Rotate on-call fairly — no one should be on-call more than 1 week in 4
Compensate for off-hours — pay extra or give time off in lieu
Shadow on-call — new engineers shadow for 2-4 weeks before taking the pager
Automate runbooks — if a runbook step is manual, add it to your automation backlog
Review alerts quarterly — remove noise, tune thresholds, fix flapping alerts

Common Mistakes

Skipping postmortems because “we are too busy”
Blaming individuals instead of fixing systems
Forward-fixing during an incident instead of rolling back
Communicating too late to customers
Not having a secondary on-call for escalation
Keeping the same person on-call for weeks

Frequently Asked Questions

What if I do not know how to fix the issue?

That is expected. Your job is to contain the impact and find the right person — not to know every system. Escalate early and clearly. A 5-minute escalation is better than a 30-minute solo struggle.

How do I balance incident response with feature work?

Incidents are unplanned work. Track them.
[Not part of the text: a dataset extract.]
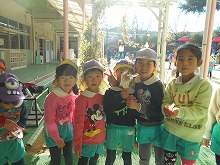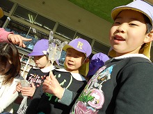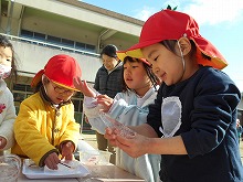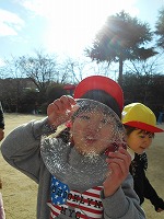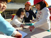 「先生みて」「氷できてた」「きれーい」と、早速氷に触れて遊びを楽しみました。「ツルツルしてるよ」「鏡みたい」「お花も一緒に固まったよ」と、冬の自然のおもしろさや不思議さを味わっています。

If a team spends > 20% of sprint capacity on incidents, that is a signal to invest in reliability (tests, automation, refactoring) rather than new features.

Should junior engineers be on-call?

Yes, with mentorship. Shadowing senior engineers during incidents is one of the fastest ways to learn how systems fail. Start with low-severity rotations and pair them with a senior for the first month.